Lucio Costa shuns publicity and public statements as much as Niemeyer does. He is so selfeffacing that he sometimes avoids taking credit for his own work. All the public ever sees or hears of him is an occasional glimpse of his aquiline profile and bushy mustache lurking in the background of a photograph of some group of architects.
It was through Lucio Costa that this whole generation of Brazilian architects was brought into contact with the stimulating European work of the twenties. Coming from a family prominent in the government and in the armed services, he had the European upbringing of the wealthy Brazilians of the period before the wars.

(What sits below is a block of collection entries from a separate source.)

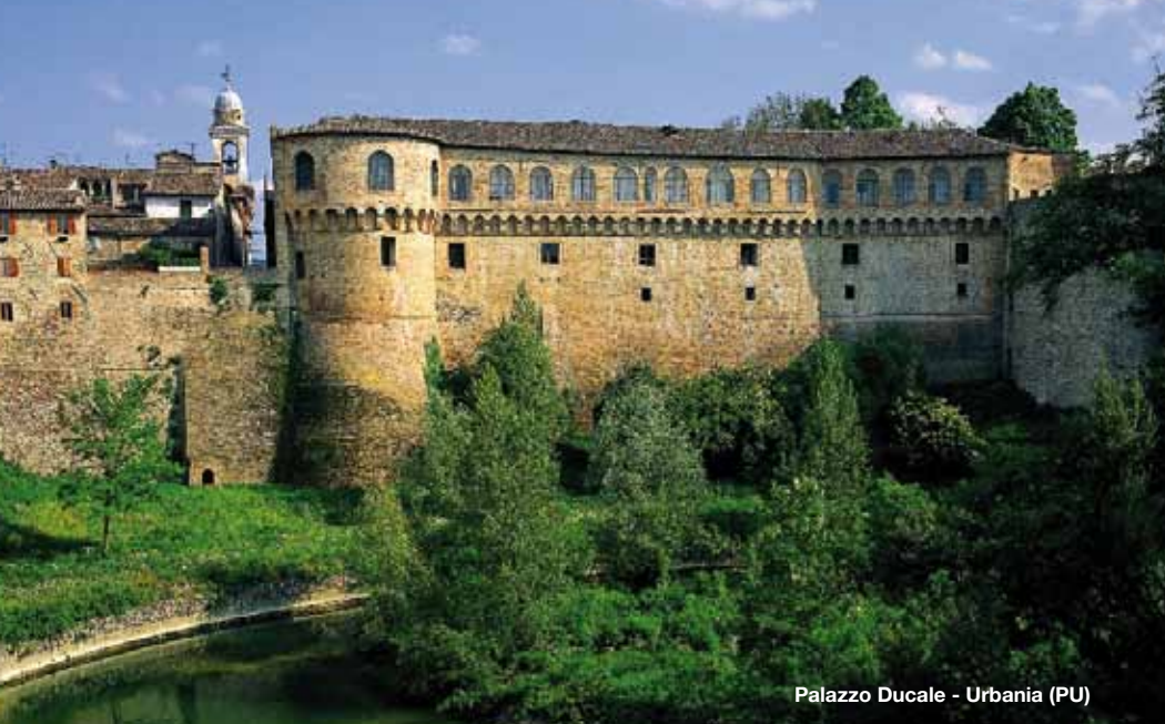
Palazzo Ducale - Urbania (PU)

or ravelin fortification structure. The Fortress Montecerignone preserves its ancient medieval structure, alongside the typically Renaissance elements introduced by Martini. The Ubalduesca Fortress of Sassocorvaro , still fully intact, combines robust military construction with the typical features of the aristocratic residence. At Sassocorvaro , Martini refined the prototype of the circular fortress, whose main function was to deflect the stone balls shot from the bombard cannon. In Frontone there is also a fortress designed by Martini, whose shape resembles a ship's prow. The Fortress Mondavio is a remarkable stronghold, with its keep on polygonal foundations, and the typical series of trap doors and battlements. During the Della Rovere family's lordship, the Marche Region enjoyed a flourishing period. The Fortress of Gradara , created as a
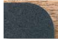
Closed Cell Foam Rubber
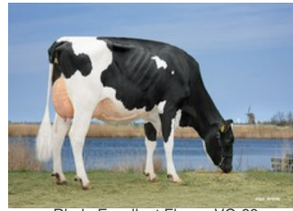
Rhala Excellent Flower VG-89
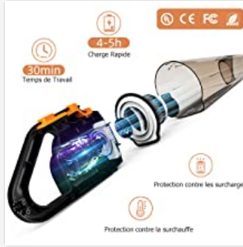
Image: An exploded view of the vacuum cleaner's internal components, illustrating the battery and its protective features during charging.

His father was a naval officer and eventually an admiral. Born in Toulon, Costa learned to read in London and attended a Swiss boarding school. The Europe he was brought up in teemed with revolutionary ideas in the arts.
Costa’s attitude is that of the gifted amateur. As a boy he developed a taste for painting watercolors. In his teens he turned up in Rio to study design at the School of Fine Arts. There his interest in colonial architecture earned him the friendship of another talented and selfeffacing Brazilian, the Melo Franco de Andrade who devoted his life to the protection and restoration of Brazil’s rich heritage of baroque architecture. It was as a restorer of ancient monuments that Lucio Costa first took up architectural work. His early house plans were in the neocolonial style.
When Le Corbusier, the French theorist of glass and steel construction, first visited Brazil in 1929, Lucio Costa had prepared the way for him. He had already been telling the young architects about his work and the work of Gropius and Frank Lloyd Wright and of the Italian futurists. They streamed out from the Frenchman’s lectures dizzy with the “functional” use of the new materials: concrete and steel and tile and glass. Already a Polish settler named Warschavchik had been designing dwellings in “functional” concrete for wealthy business men in São Paulo. The new architecture took root.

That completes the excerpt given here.